The pledge was established on the fixed assets of the Issuer on the basis of the agreement dated 15 July 2015, concluded by the Issuer and mBank in order to secure the obligations of the Issuer resulting from the credit facility agreement concluded on 9 July 2015 with mBank and DNB Bank Polska S.A. and DNB Bank ASA (see the current report of the Issuer No 45/2015 of 15 July 2015) to the maximum sum of the security that amounts PLN 600,000,000.00 (six hundred million zloty 00/100). The fixed assets that were encumbered with the registered pledge constitute of the set of movables that represent the organisational whole – the set of wiring in the sewage system. The booking value of the fixed assets encumbered by the registered pledge, determined on the basis of the Issuer’s balance sheet as of 30 June 2015, is PLN 322,286,592.30 (three hundred twenty two million two hundred six thousand five hundred ninety two zloty 30/100). The pledge agreement provides for the limitation of transferability of the fixed assets encumbered with the registered pledge for the time of its duration and the encumbrance with the registered pledge also the future pieces of the set of movables that is the subject of the agreement. In the remaining scope the terms of the pledge agreement do not differ from the terms commonly used in trade for this type of agreements. The pledge agreement does not provide for any contractual penalties.
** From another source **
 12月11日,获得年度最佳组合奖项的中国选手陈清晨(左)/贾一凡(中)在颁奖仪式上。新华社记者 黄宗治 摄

The registered pledge was established upon its filing in the register, i.e. on 21 July 2015. There are no relations between the Issuer, the persons managing or supervising the Issuer and the Pledgee.
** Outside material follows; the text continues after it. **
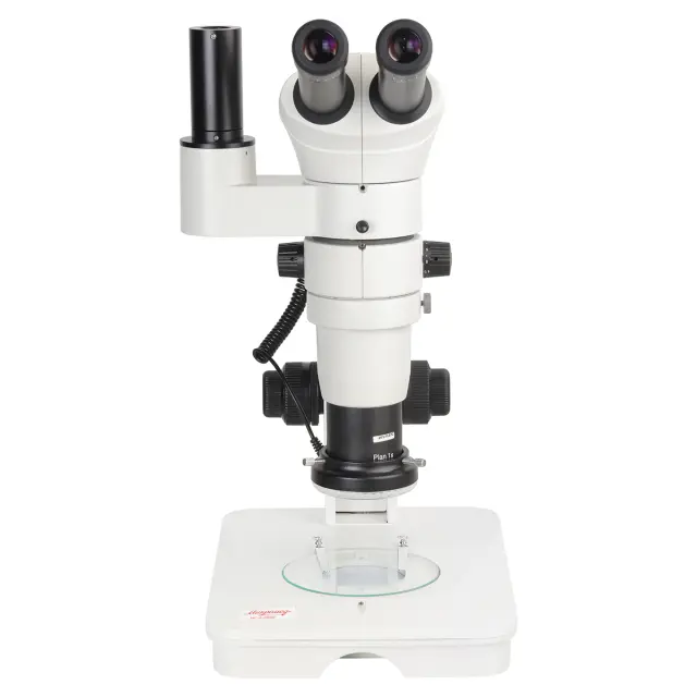 - Основание микроскопа, корпус визуальной и штатив микроскопа изготовлены из алюминиевого сплава и имеют антистатическое покрытие.

The fixed assets that constitute the subject of the registered pledge were regarded as the assets of significant value due to the fact that their booking value, which is also the value of the subject of the pledge agreement, exceeds 10% of the value of Issuer’s equity.
Moreover, the Management Board of the Issuer informs that on 15 July 2015 the Issuer concluded with the Pledgee the second agreement that provides for establishment of the registered pledge on the set of fixed assets – owned by the Issuer set of movables that represent the organisational whole – the set of movables constituting the core sewer system available in the Republic of Poland, of the joint booking value of PLN 367,774,860.64 (three hundred sixty seven million seven hundred seventy four thousand eight hundred sixty zloty 64/100), i.e. exceeding 10% of the value of Issuer’s equity (the assets of significant value). Establishing the registered pledge on the abovementioned assets is also aimed at securing the obligations of the Issuer resulting from the credit facility agreement concluded on 9 July 2015 with mBank and DNB Bank Polska S.A. and DNB Bank ASA (see the current report of the Issuer No 45/2015 of 15 July 2015) to the maximum sum of the security that amounts PLN 600,000,000.00 (six hundred million zloty 00/100). The agreement concerning the establishment of the registered pledge on the abovementioned assets was concluded on the same terms as the pledge agreement referred to hereinabove. To the knowledge of the Issuer the registered pledge on the abovementioned assets has not been established yet (until today), since the Issuer has not received any judgement of filing the pledged on the abovementioned assets to the pledge register. The joint value of registered pledges that were established or will be established by the Issuer for the benefit of the Pledgee is PLN 690,061,452.94 (six hundred ninety million sixty one thousand four hundred fifty two zloty 94/100).
§ 5(1)(1 and 3) in conjunction with § 7 and § 9 of the Regulation dated 19 February 2009 regarding current and interim reports published by issuers of securities and on conditions of considering as equivalent the information required by law of a non-member state (consolidated text Journal of Laws of 2014, item 133, as amended) and Art. 56(1)(2) of the Act on Public Offering, the Conditions Governing the Introduction of Financial Instruments to Organized Trading, and on Public Companies (consolidated text Journal of Laws of 2013, item 1382, as amended).